Diagnosing atrial fibrillation in general practice

BMJ 2007; 335 doi: https://doi.org/10.1136/bmj.39266.497396.BE (Published 23 August 2007) Cite this as: BMJ 2007;335:355
  1. Henk C P M van Weert, assistant professor of general practice
  1. Department of General Practice, Division Clinical Methods and Public Health, Academic Medical Centre, Amsterdam, 1100 DD Netherlands
  1. h.c.vanweert{at}amc.uva.nl

    The combination of a clinical history, clinical signs, and an ECG will pick up most cases

    In this week's BMJ, Mant and colleagues and Fitzmaurice and colleagues present the results of the SAFE (screening for atrial fibrillation in the elderly) study. They assess how accurately general practitioners, practice nurses, and an interpretive computer program can diagnose atrial fibrillation on an electrocardiogram (ECG), and they report on the effectiveness of screening patients aged 65 and over for atrial fibrillation in British general practice.1 2 The prevalence of atrial fibrillation rises with age from 1.5% in people in their 60s to more than 10% in those over 90. People with atrial fibrillation have double the mortality and a four to fivefold higher risk of stroke than those without fibrillation.

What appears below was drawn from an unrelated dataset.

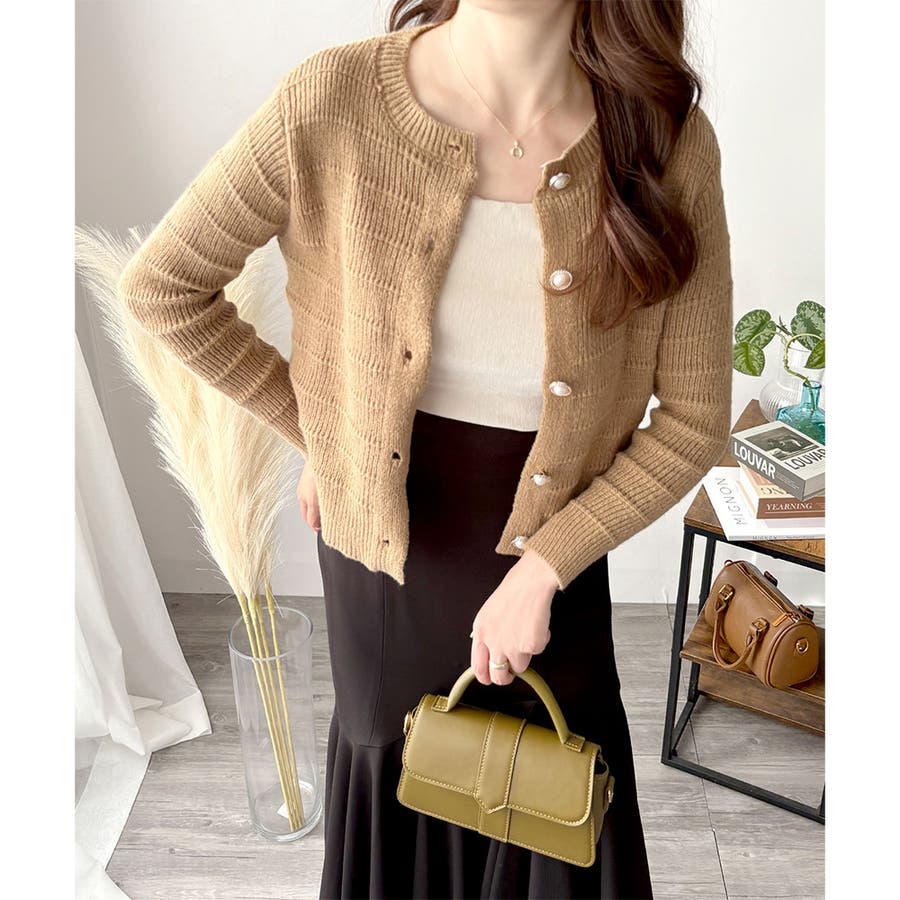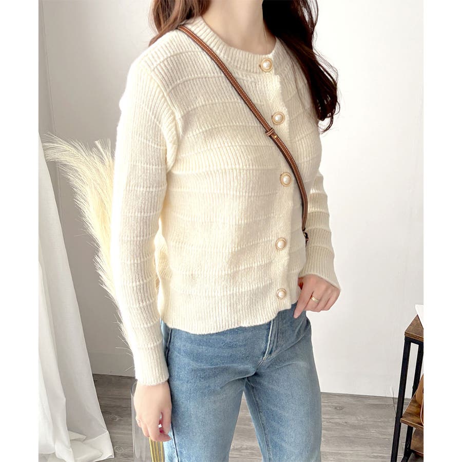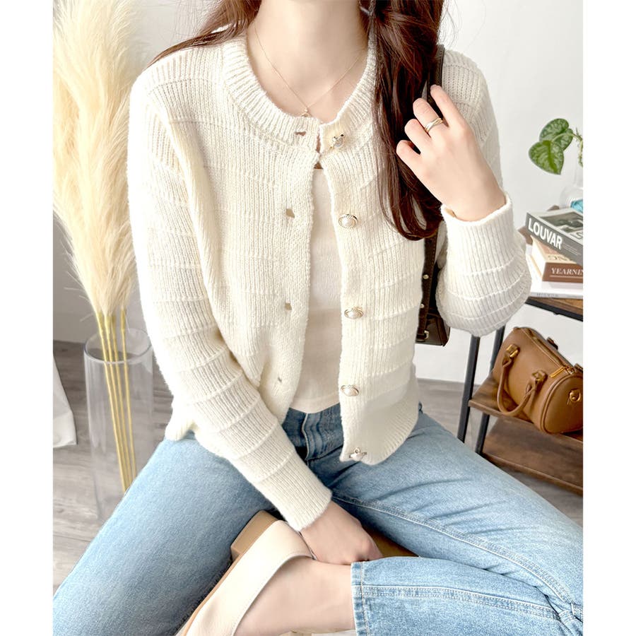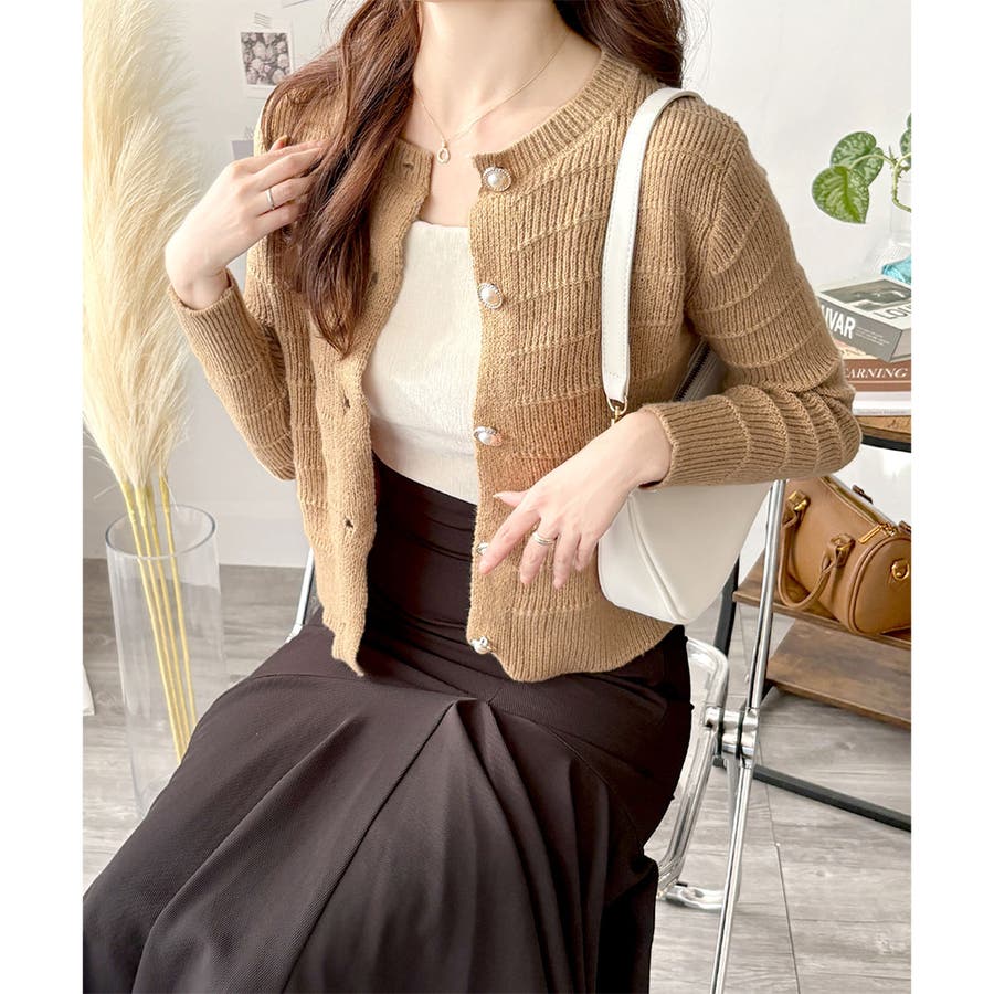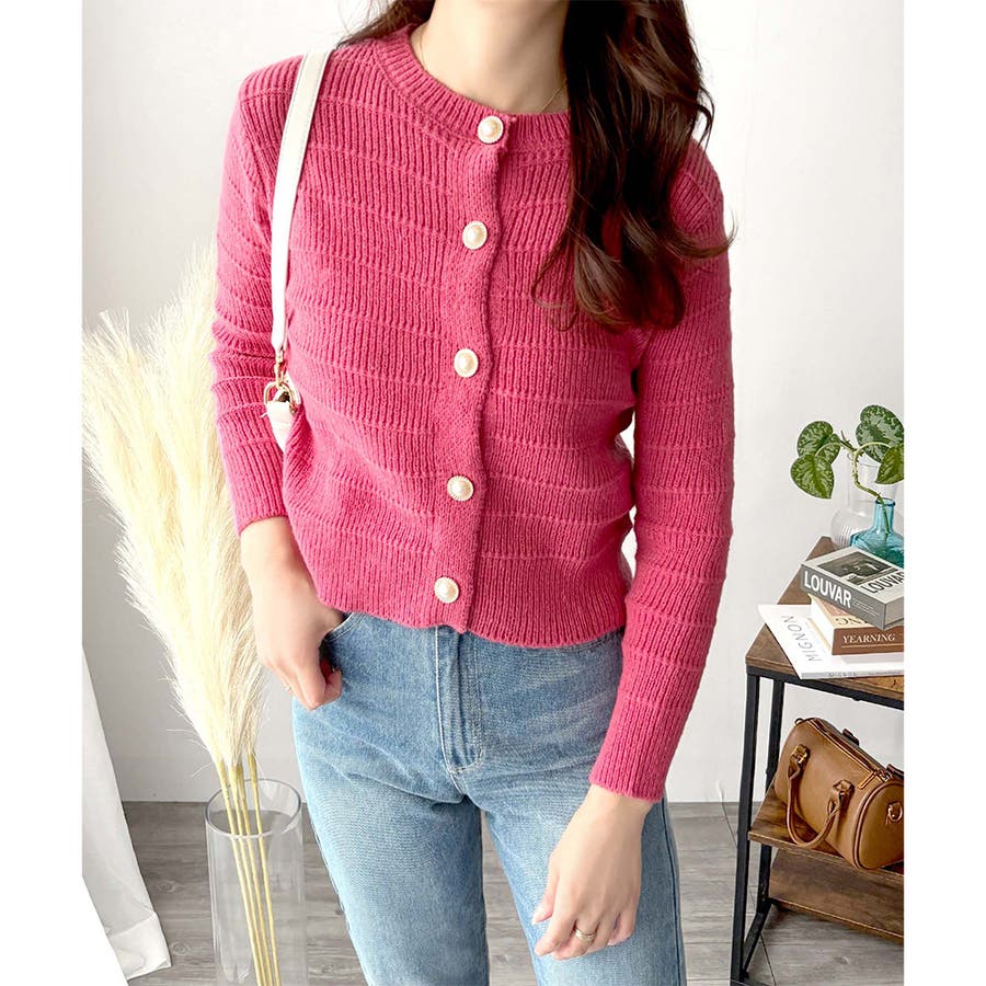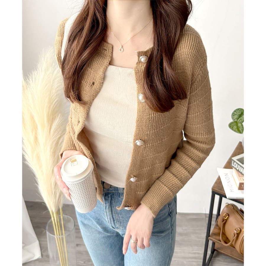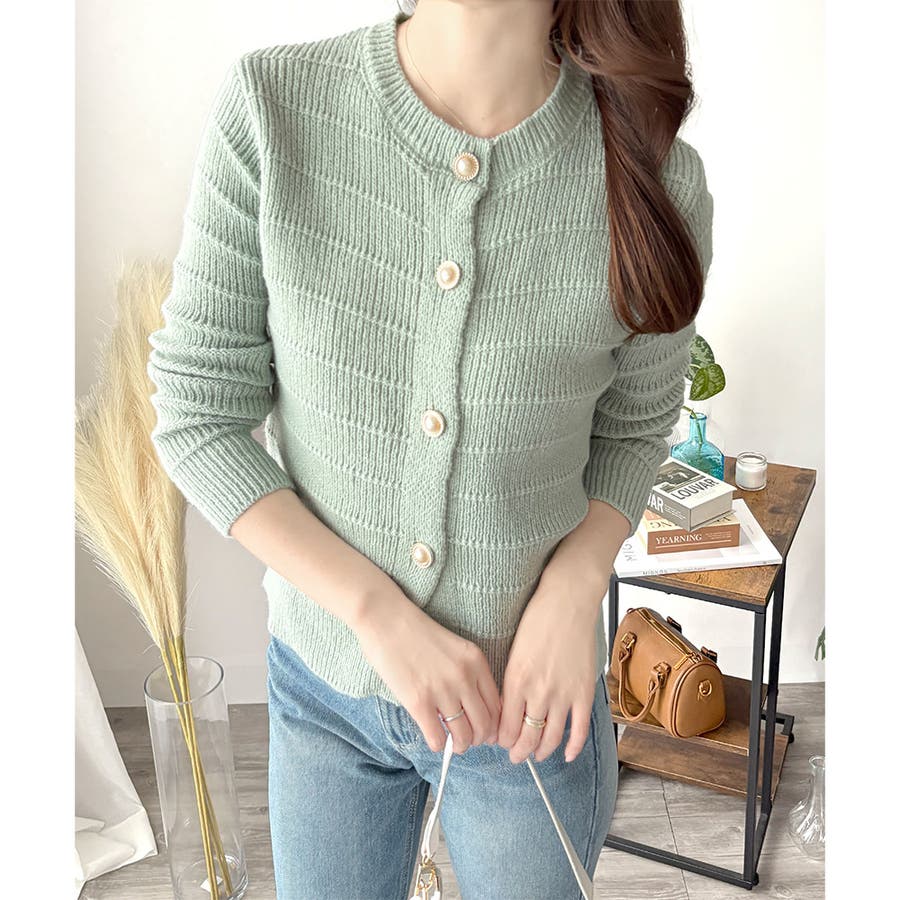シンプルながらも立体感のある編み地が魅力のクルーネックカーディガン。

About a quarter of all strokes in elderly people are caused by atrial fibrillation. Strokes caused by atrial fibrillation are often severe and lead to high mortality and a low quality of life.3

    Even if normal rhythm cannot be restored, antiplatelet agents reduce the risk of stroke by around 22% and vitamin K antagonists, such as warfarin, reduce the risk by 64% …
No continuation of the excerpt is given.